▶ _Task instructions_:
Down to the last line, restate the records below word for word, dropping every image.

=== Begin Enclosure ===

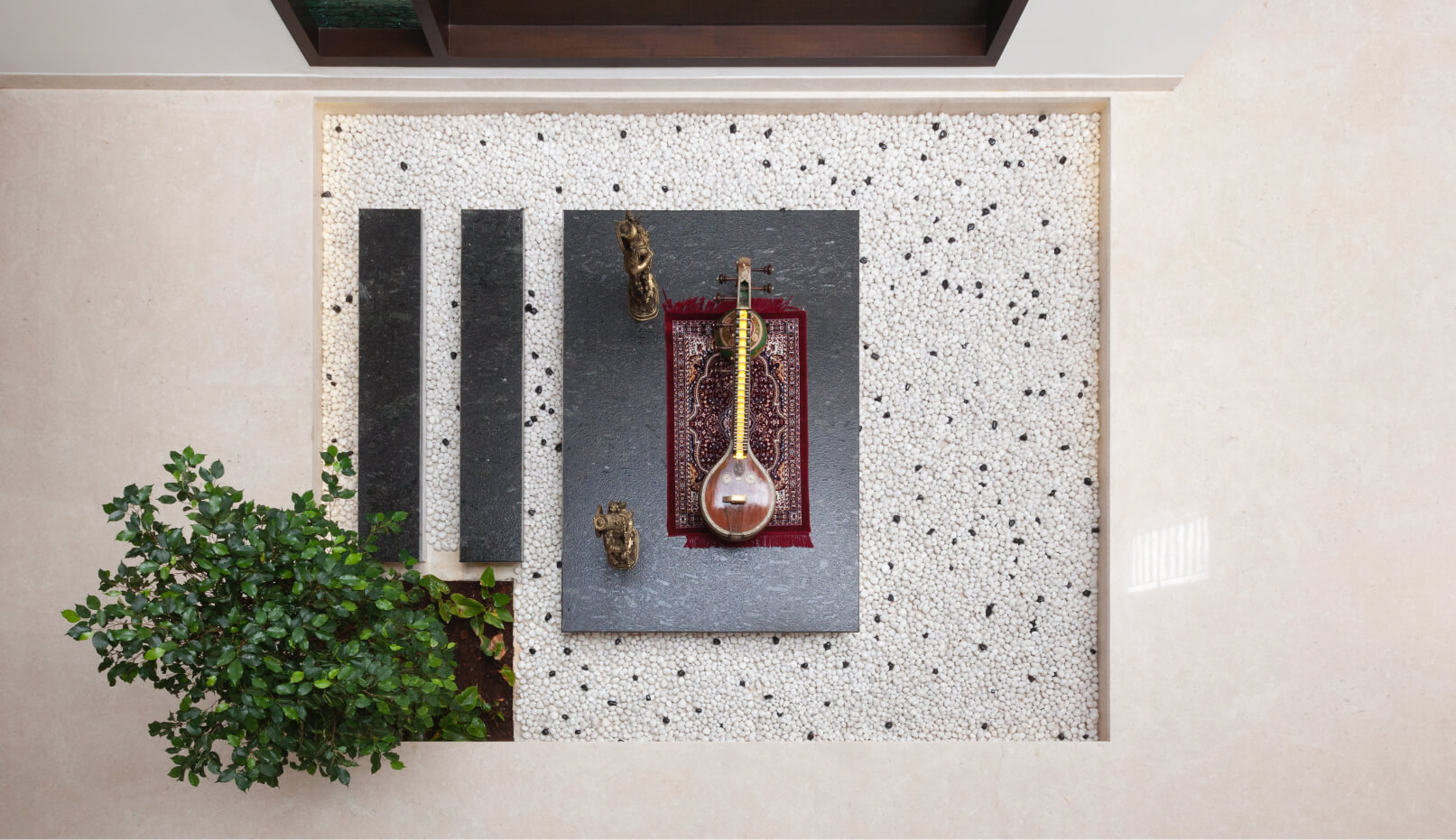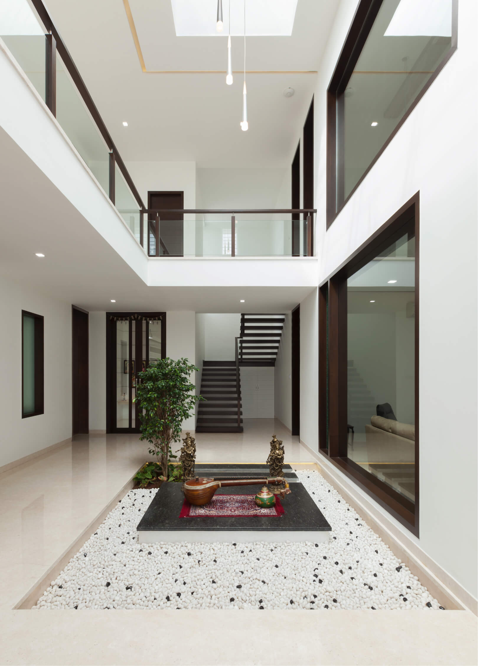 The floating staircase is showcased in a tasteful fashion with multiple viewpoints through different planes, as it reimagines architectural installation in a minimalistic sense. This feature is neighbored by a double-height pooja wall with a louvred skylight. The liminal spaces as one transcend up the staircase are used as a study: fabricating an open plan with constant interaction between various people performing various activities.
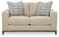 Serene style with a modern sensibility. Delight in the cozy, versatile embrace of this loveseat. It takes an on-trend approach to irresistible texture and natural beauty, showcasing soft upholstery accented with a transitional wood trim. As refined as it is laid back, the loveseat also keeps comfort a priority with plush, thick seat cushions.
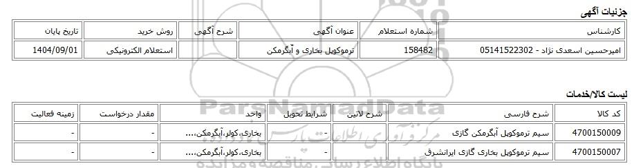 | امیرحسین اسعدی نژاد - 05141522302 | 158482 | ترموکوپل بخاری و آّبگرمکن | استعلام الکترونیکی | 1404/09/01 |
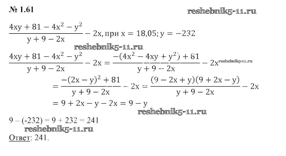 Готовая домашняя работа с ответами по Алгебре за 9 класс Арефьева, Пирютко Учебник Народная асвета 2019 - Задания 1.61
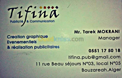 Notre entreprise est specialisée dans le secteur de la communication et la publicité. Dans ce cadre d'activité, elle s'occupe de la conception et la realisation. Nos services ont pa
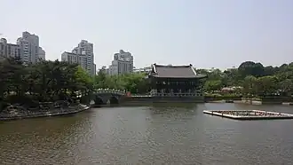 - Seongnam Central Park (성남중앙공원; 城南中央公園), also known as Bundang Central Park, located at the foot of Mt. Yeongjangsan [ko] (영장산; 靈長山) which is 413.5m high. It boasts four badminton courts, a croquet course, an outdoor theatre, a water mill, and Bundang Pond (분당호; 盆唐湖), which is equipped with several fountains.[10]

=== End Enclosure ===

▶ _Response area_:
 The floating staircase is showcased in a tasteful fashion with multiple viewpoints through different planes, as it reimagines architectural installation in a minimalistic sense. This feature is neighbored by a double-height pooja wall with a louvred skylight. The liminal spaces as one transcend up the staircase are used as a study: fabricating an open plan with constant interaction between various people performing various activities.
 Serene style with a modern sensibility. Delight in the cozy, versatile embrace of this loveseat. It takes an on-trend approach to irresistible texture and natural beauty, showcasing soft upholstery accented with a transitional wood trim. As refined as it is laid back, the loveseat also keeps comfort a priority with plush, thick seat cushions.
 | امیرحسین اسعدی نژاد - 05141522302 | 158482 | ترموکوپل بخاری و آّبگرمکن | استعلام الکترونیکی | 1404/09/01 |
 Готовая домашняя работа с ответами по Алгебре за 9 класс Арефьева, Пирютко Учебник Народная асвета 2019 - Задания 1.61
 Notre entreprise est specialisée dans le secteur de la communication et la publicité. Dans ce cadre d'activité, elle s'occupe de la conception et la realisation. Nos services ont pa
 - Seongnam Central Park (성남중앙공원; 城南中央公園), also known as Bundang Central Park, located at the foot of Mt. Yeongjangsan [ko] (영장산; 靈長山) which is 413.5m high. It boasts four badminton courts, a croquet course, an outdoor theatre, a water mill, and Bundang Pond (분당호; 盆唐湖), which is equipped with several fountains.[10]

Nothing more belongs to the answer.